The static declaration is only an issue of coding style, correct?
Or is there an actual risk of doing so?
This is for my understanding, I will remove the static
declaration regardless of your answer.

On my x86_64 machine, sizeof(priv) is 448 and if I declare priv on the stack:
| $ objdump -d drivers/net/can/dev/netlink.o | ./scripts/checkstack.pl
| 0x00000000000002100 can_changelink []:            1200

So I will allocate it on the heap.

N.B. In above figures CONFIG_CAN_LEDS is *off* because that driver
was tagged as broken in:
https://git.kernel.org/pub/scm/linux/kernel/git/torvalds/linux.git/commit/?id=30f3b42147ba6f29bc95c1bba34468740762d91b

> > Once this done, there is no more need to have a temporary variable for
> > a specific parameter. As such, the bittiming and data bittiming (bt
> > and dbt) are directly written to the temporary priv variable.
> >
> > Finally, function can_calc_tdco() was retrieving can_priv from the
> > net_device and directly modifying it. We changed the prototype so that
> > it instead writes its changes into our temporary priv variable.
>
> Is it possible to split this into a separate patch, so that the part
> without the tdco can be backported more easily to older kernels not
> having tdco? The patch fixing the tdco would be the 2nd patch...
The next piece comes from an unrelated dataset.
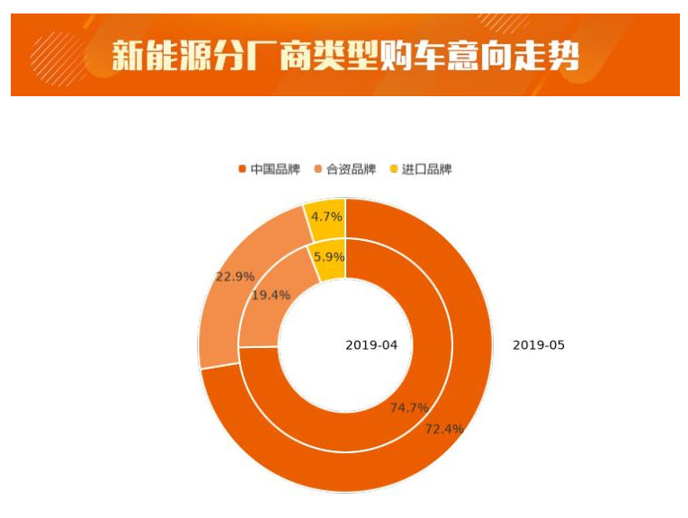 5月,中國品牌用戶購車意向占比相比上月,降低2.3個(gè)百分點(diǎn),達(dá)到72.4%,用戶意向占比有所下滑。合資品牌用戶購車意向占比為22.9%,相對(duì)上月上升3.5%。進(jìn)口品牌用戶購車意向占比呈現(xiàn)下滑走勢(shì)。中國品牌在新能源市場仍居絕對(duì)主力,但隨著合資企業(yè)在新能源領(lǐng)域的加速布局及外資品牌的進(jìn)入,新能源領(lǐng)域的市場競爭將會(huì)加劇,產(chǎn)業(yè)鏈整合也會(huì)加速,這對(duì)于期望通過新能源汽車實(shí)現(xiàn)彎道超車的中國品牌來說,是一個(gè)嚴(yán)峻的考驗(yàn)。后補(bǔ)貼時(shí)代,唯有真正掌握核心技術(shù)的企業(yè)才會(huì)具備競爭優(yōu)勢(shì)。
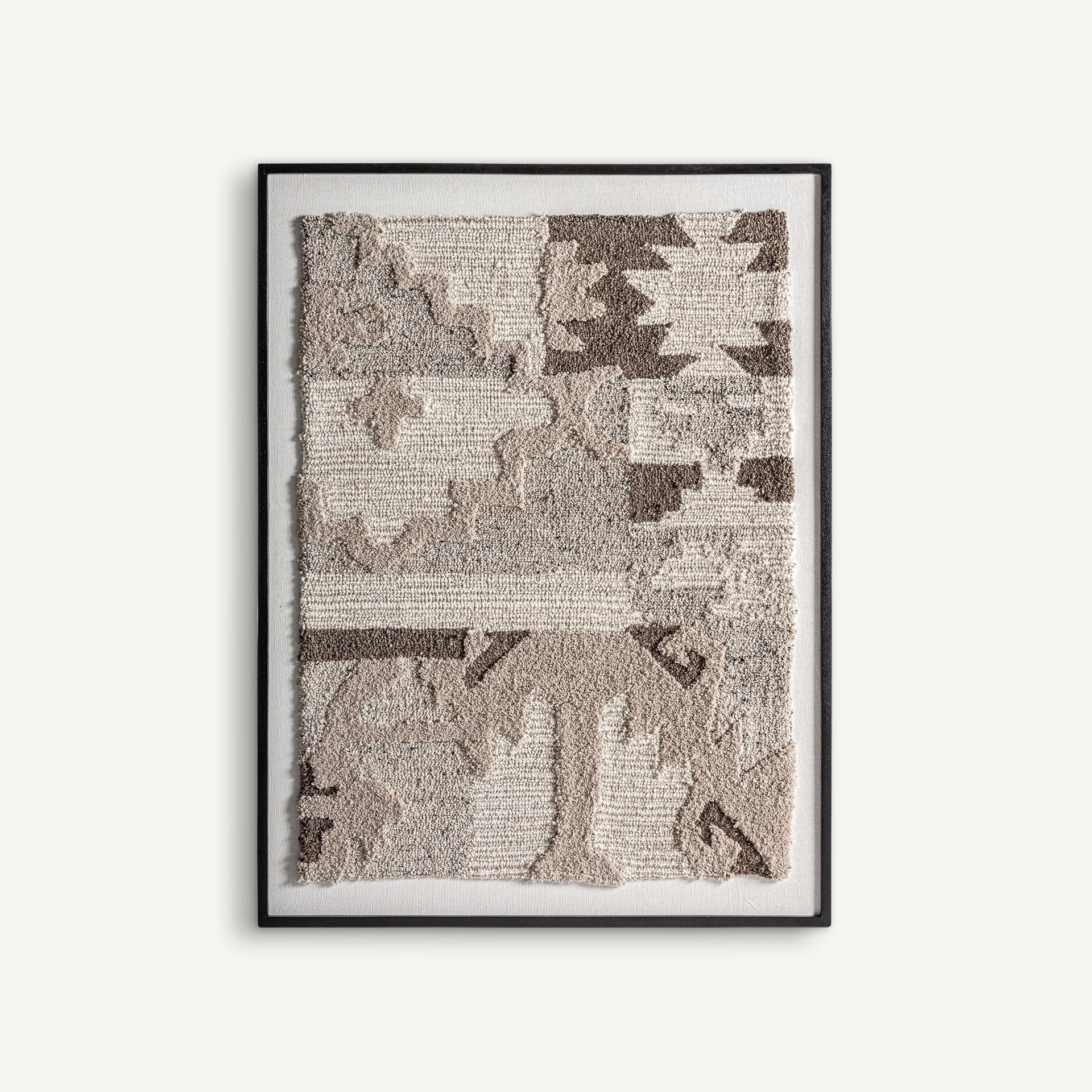 Картина Ивара в стиле бохо, выполненная из бежевого хлопка в сочетании с шерстью коричневых оттенков и манговым деревом коричневого цвета с натуральной отделкой.

ACK. I will send a v3 with that split.

> > Signed-off-by: Vincent Mailhol <mailhol.vincent@wanadoo.fr>
> > ---
> > Resending because I got no answers on:
> > https://lore.kernel.org/linux-can/20210823024750.702542-1-mailhol.vincent@wanadoo.fr/T/#u
> > (I guess everyone bas busy with the upcoming merge window)
>
> Busy yes, but not with the merge window :)
>
> > I am not sure whether or not this needs a "Fixes" tag. Just in case,
> > there it is:
> >
> > Fixes: 9859ccd2c8be ("can: introduce the data bitrate configuration for CAN FD")
>
> ...if it's possible to split this patch into 2 parts, add individual
> fixes tags to them.

ACK.


> regards,
> Marc
>
> --
> Pengutronix e.K.                 | Marc Kleine-Budde           |
> Embedded Linux                   | https://www.pengutronix.de  |
> Vertretung West/Dortmund         | Phone: +49-231-2826-924     |
> Amtsgericht Hildesheim, HRA 2686 | Fax:   +49-5121-206917-5555 |
Marc Kleine-Budde Sept. 6, 2021, 2:30 p.m. UTC | #3
On 06.09.2021 23:17:40, Vincent MAILHOL wrote:
> > > To prevent this from happening, we do a local copy of can_priv, work
> > > on it, an copy it at the very end of the function (i.e. only if all
> > > previous checks succeeded).
> >
> > I don't like the optimization of using a static priv. If it's too big to
> > be allocated on the stack, allocate it on the heap, i.e. using
> > kmemdup()/kfree().
> 
> The static declaration is only an issue of coding style, correct?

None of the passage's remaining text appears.